On Nov. 16, private lenders, officials from the Central Bank and President’s Office Minister Soe Thane met to discuss the state of Burma’s banking industry and its future when a new government is formed next year. In particular, attention was paid to one of the primary difficulties confronting commercial banks: a new reserve requirement ratio, or the percentage of deposits that a bank must keep on hand, that will come into effect soon.
The new regulation, decided upon in July and intended as a means of back-up funding, will require all banks to store 5 percent of their total deposits at the Central Bank in cash, whereas currently deposits can take the form of bonds or cash.

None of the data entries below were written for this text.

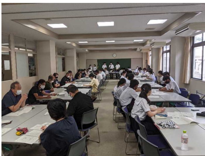
前で説明する自治会メンバー

皆さん、忙しい中、お疲れさまでした。 ※ フリートーキング 行事の実施等に向けて、自発的に参加した生徒と職員と一緒に自由に意見を出し合う、本校独特の意見交換会です。
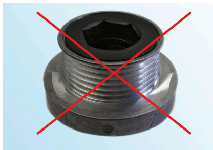
Billede 1: 535 0117 10

Svingningsdæmper i LuK-AS-nr. 535 0117 10 (figur 1) leveres ikke mere og er blevet erstattet med ordrenr. 535 0105 10 (figur 2).
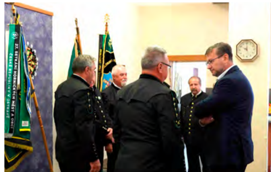
Krojovaní horníci z Armády s primátorem Karviné (vpravo).
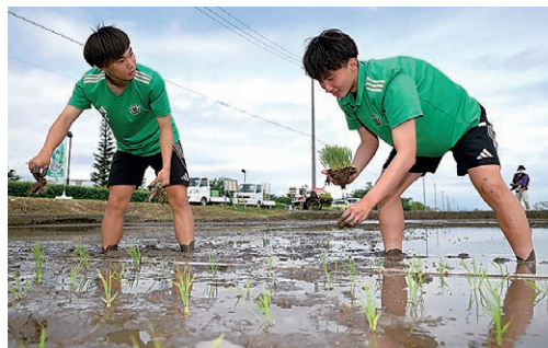
田植えをする選手たち

5月24日、神林地区の米生産者で組織する農事組合法人サウスが運営する「松本山雅田」で、松本山雅FC U-18の選手8人を招き、田植え体験を実施しました。同法人従業員の指導のもと、選手たちはコシヒカリの苗を手植えました。手植えの後には田植え機での作業も体験し、機械が素早く苗を植えていく様子に歓声が上がりました。

“Five percent is actually not too much, but the problem is that we’re not able to provide that amount in cash,” Pe Myint, managing director of the Cooperative Bank, told The Irrawaddy. “We’ve proposed to reduce this amount to 2 or 3 percent.”
Presently, 10 out of Burma’s 20 private banks are able to meet the 5 percent requirement, while the Central Bank’s decision is forcing the rest to send the amount in a more piecemeal fashion.

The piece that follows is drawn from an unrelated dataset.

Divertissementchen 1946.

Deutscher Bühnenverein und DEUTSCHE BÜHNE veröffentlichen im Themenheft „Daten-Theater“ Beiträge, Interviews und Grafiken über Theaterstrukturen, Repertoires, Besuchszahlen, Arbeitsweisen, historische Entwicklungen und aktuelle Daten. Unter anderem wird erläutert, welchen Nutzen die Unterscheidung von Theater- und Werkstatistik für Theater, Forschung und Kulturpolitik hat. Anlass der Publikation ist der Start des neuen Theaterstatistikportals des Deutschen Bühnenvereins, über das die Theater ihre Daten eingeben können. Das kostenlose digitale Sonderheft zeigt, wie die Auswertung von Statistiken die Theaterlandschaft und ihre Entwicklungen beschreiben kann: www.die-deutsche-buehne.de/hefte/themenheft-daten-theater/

Than Lwin, a senior banking consultant for Kanbawza Bank, said he understands the reasoning behind the new regulation, but that the Central Bank should also take into consideration what is realistic for local banks, rather than leave them struggling.

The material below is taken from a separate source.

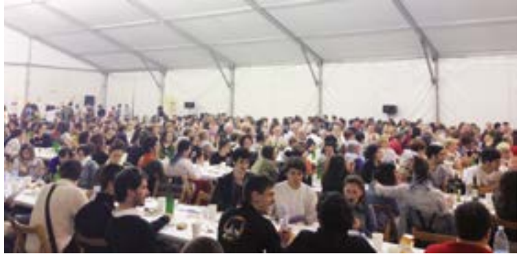
Kantu-afarirako eta herri-bazkarirako tiketak hilaren 22rako erosi daitezke.

Arrate Kultur Elkartearen eskutik antolatutako “Euskal Jaia koloretan” instalazio kolektiboa izango da aurtengo berritasunetako bat. Antolatzaileek diotenez, bertan “aniztasuna, ospakizuna eta Euskal

“As the country continues to develop, the Central Bank must bear in mind that the market will also change, meaning that it [the Central Bank] must constantly be flexible with its regulations,” he said.
The Asia Green Development Bank is one such bank that sees no alternative than to gradually send money to the Central Bank so that it does not harm its standing in the market. Soe Thein, its executive director, is calling for a bit more flexibility in a society that is still predominantly cash-based.
“We [bankers] accept the 5 percent regulation. What we want is just more time to be able to give this cash to the Central Bank,” he said.
Though the local banking industry today is better than it was even five years ago, many believe that the Central Bank, which became an independent body after Burma’s quasi-civilian government came to power in 2011, has not been doing enough to drive further improvement in the financial sector. For instance, it has been roundly criticized for its lack of transparency with regard to how much money it has in its reserves.
Looking ahead to the next government, Than Lwin said: “The Central Bank must be far more aware of ground-level situations in the market.”